The diagnosis of UCMD is usually suspected from the clinical history of the person, and an examination of their symptoms.

The specific diagnosis, however, is generally made by looking at a piece of muscle or skin (muscle or skin biopsy – see our Muscle biopsies factsheet).

Before doing a muscle biopsy, which involves taking out a small piece of muscle, usually from the thigh, a few other tests may be done. One of these tests is a blood test to measure the level of a muscle protein, called creatine kinase (CK). In patients with UCMD, the CK level is either normal, or mildly elevated.

muscle ultrasound test may also help to detect abnormalities in the muscle. This technique is very simple – similar to the ultrasound tests carried out in pregnancy – and may provide further evidence of the involvement of the muscle.

Muscle magnetic resonance imaging (MRI), as with muscle ultrasound, can assist by highlighting patterns of muscle involvement, which can be specific to particular muscle conditions.

muscle biopsy enables a sample of muscle to be studied under the microscope, looking for signs which might indicate a muscular dystrophy; these include a variation in muscle fibre size and the replacement of some fibres by fat and fibrous tissue. It is also possible, under the microscope, to look at the production of collagen VI in the muscle. There are specific ‘markers’ or ‘tags’ that detect whether or not collagen VI is present at normal or reduced levels. A reduction in collagen VI in a child with some of the symptoms of the condition strongly suggests the possibility of UCMD.

As collagen VI is normally present in both muscle and skin, a skin biopsy (taking a small piece of skin) can also help to confirm the diagnosis of UCMD. In some cases, it is easier to detect a reduction of collagen VI in skin cells than it is in muscle cells. A skin biopsy, however, does not provide some of the information that can be obtained from a muscle biopsy and, therefore, it is important to have both muscle and skin biopsies, when UCMD is suspected.
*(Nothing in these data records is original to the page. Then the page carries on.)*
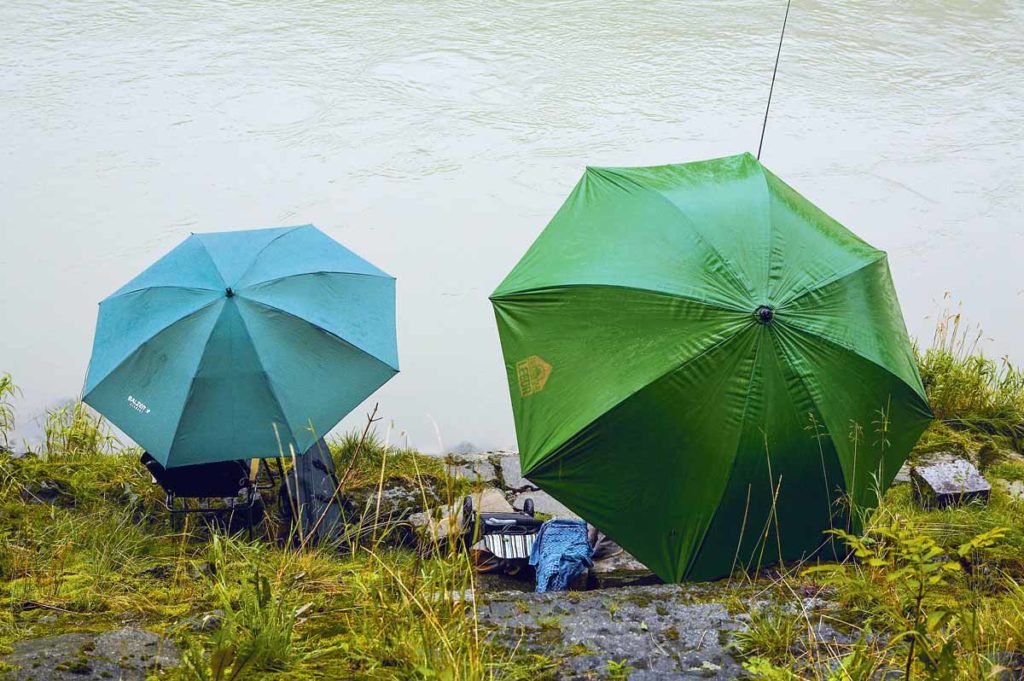 In solchen Fällen werden Heringe unentbehrlich, wie man sie vom Camping kennt. Dann muss der Schirm nämlich nicht zwingend frontal mit der Rückseite zum Wind stehen, sondern kann auch leicht seitlich aufgestellt werden. Bei einem Angelschirm sollten also auch immer ein paar Heringe und Schnüre dabei sein. Denn erst, wenn ein Schirm wirklich sicher am Boden fixiert ist, kann man ganz entspannt angeln. Egal wie stark es regnet oder bläst.
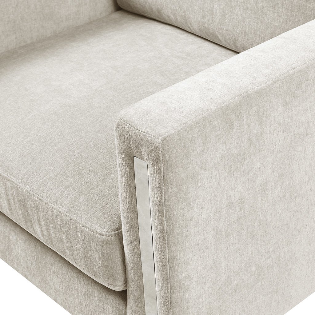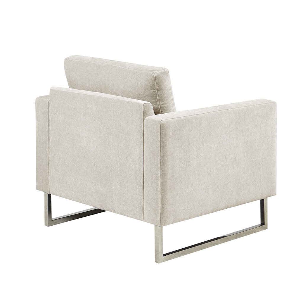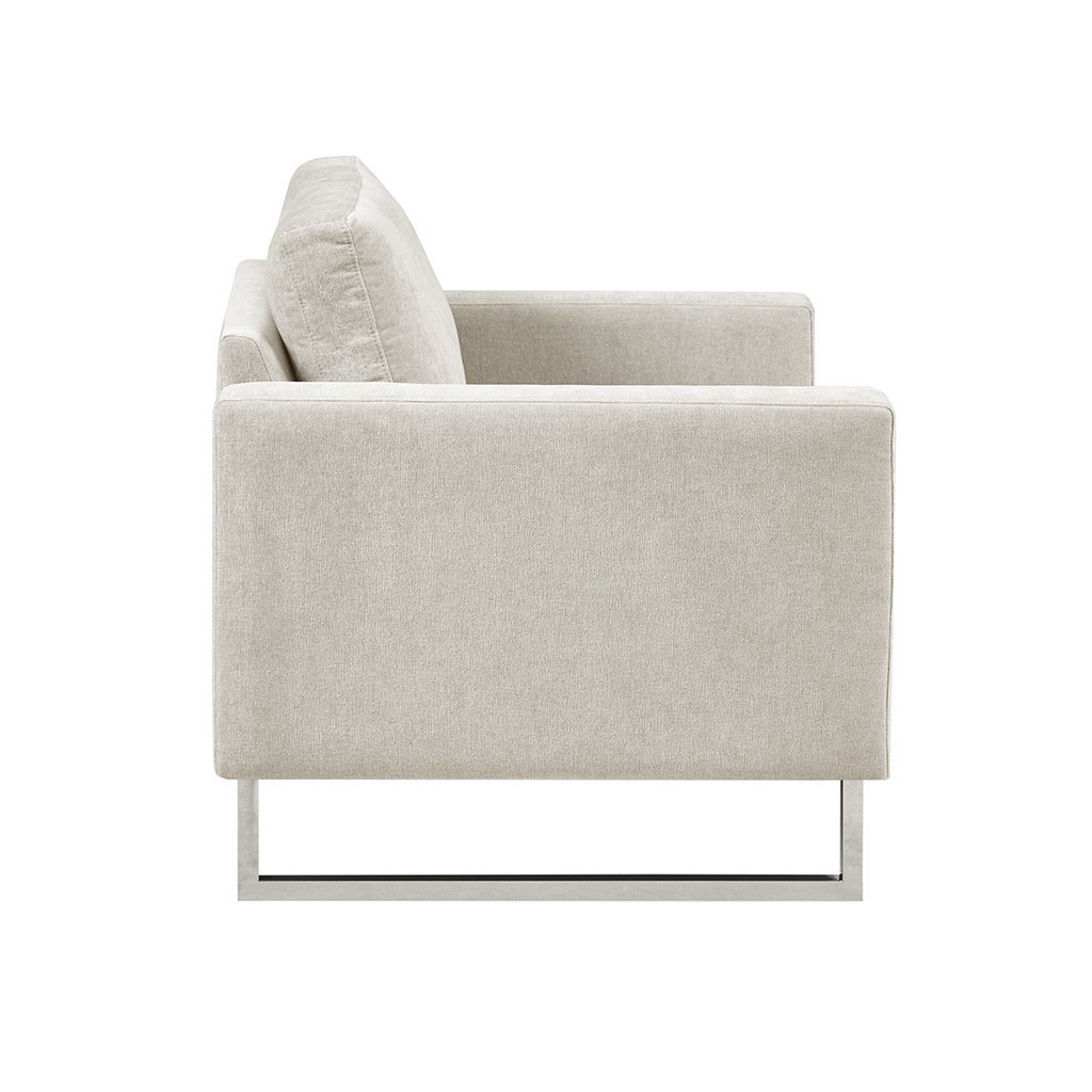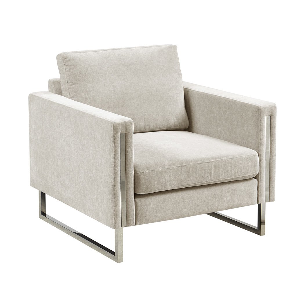 DescriptionGive your space a lavish update with the INK+IVY Madden Accent Chair. Featuring high track arms and thick removable cushions, this accent chair is upholstered in a soft color hue fabric that creates a luxurious seating experience. The chrome plated frame and legs provide exceptional support, while also adding a touch of elegance. Strikingly beautiful, this accent chair is sure to make a statement in any room of your home. Leg assembly required.Product DetailsSee below1 Accent Chair:33"W x 31"D x 30.5"HSeat Dimension:24"W x 21"(25.5" not including back cushion)D x 17.5"HSeat Cushion Thickness:6"Arms Size:24"W x 24"HLegs Height:6.5"HBack Rest Size:24.25"W x 13"HMaximum Weight Capacity (Seating):300lbsMaterialFrame Composition: Solid wood and plywood frameLeg Material: ChromeArm Material: Solid wood and plywood frameFabric Composition: 100% polyesterCushion or Upholstery Fill Material: FoamBack Fill Material: PolyesterMetal Finish: Chrome
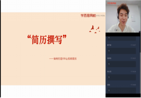 第二节培训课程由赵东阳老师为同学们进行线上培训“简历撰写”,其中包括了简历常识、如何撰写简历、简历中常见的问题、打造个人品牌。
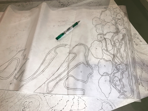 I have been ironing every night, despite the chaos. I will not give up on making art because my day job is untenable, unsustainable, unbearable. In the last two nights, I’ve gotten through about 200 pieces, ironing a pigoon (Margaret Atwood, Oryx and Crake) and all its requisite stuff, including goggles (if you were a pigoon, you’d want goggles too. Don’t lie). And an ‘easy’ button. One hundred years in the future, they won’t know what an ‘easy’ button is. I’m OK with that. I’m in the 1100s. And almost 22 hours of ironing. If you’re wondering. I started on January 30th. Not a fast process. Even with 3-day weekends that are sucked up by the day job.
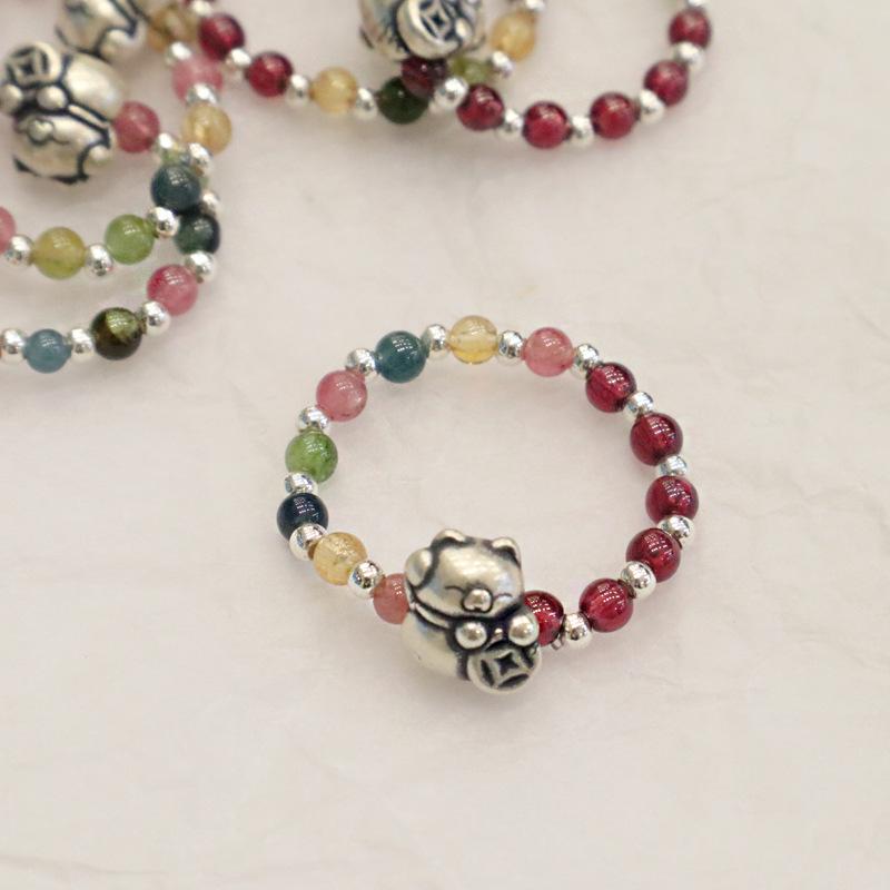 Tourmaline Garnet 999 Silver Lucky Cat Ring
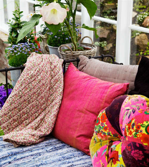 Es un espacio pintoresco en el que la luz entra por todos los ángulos. Además, muy fresco para días calurosos porque las plantas ayudan a rebajar la temperatura exterior. Me encanta la pared rústica y los diferentes zonas que han creado: para comer, para descansar, para tertuliar en un ambiente relajado. Pero a pesar de que está concebido para disfrutar, no le falta un rincón donde guardar los enseres de jardinería. Lo tiene todo !!

Genetic tests, looking for mutations in one of the three genes responsible for UCMD (COL6A1, COL6A2 and COL6A3), are now available in the UK at a specific designated centre, and can provide a definitive diagnosis. If you would like to have these genetic tests, ask your neurologist consultant for a referral to the nearest place to you.

Prenatal diagnosis may be possible in UCMD. In families who already have a child with UCMD and decide to have another baby, it is possible to detect whether or not the foetus (unborn child) has a deficiency of collagen VI and/or the same gene mutation(s), early in the pregnancy.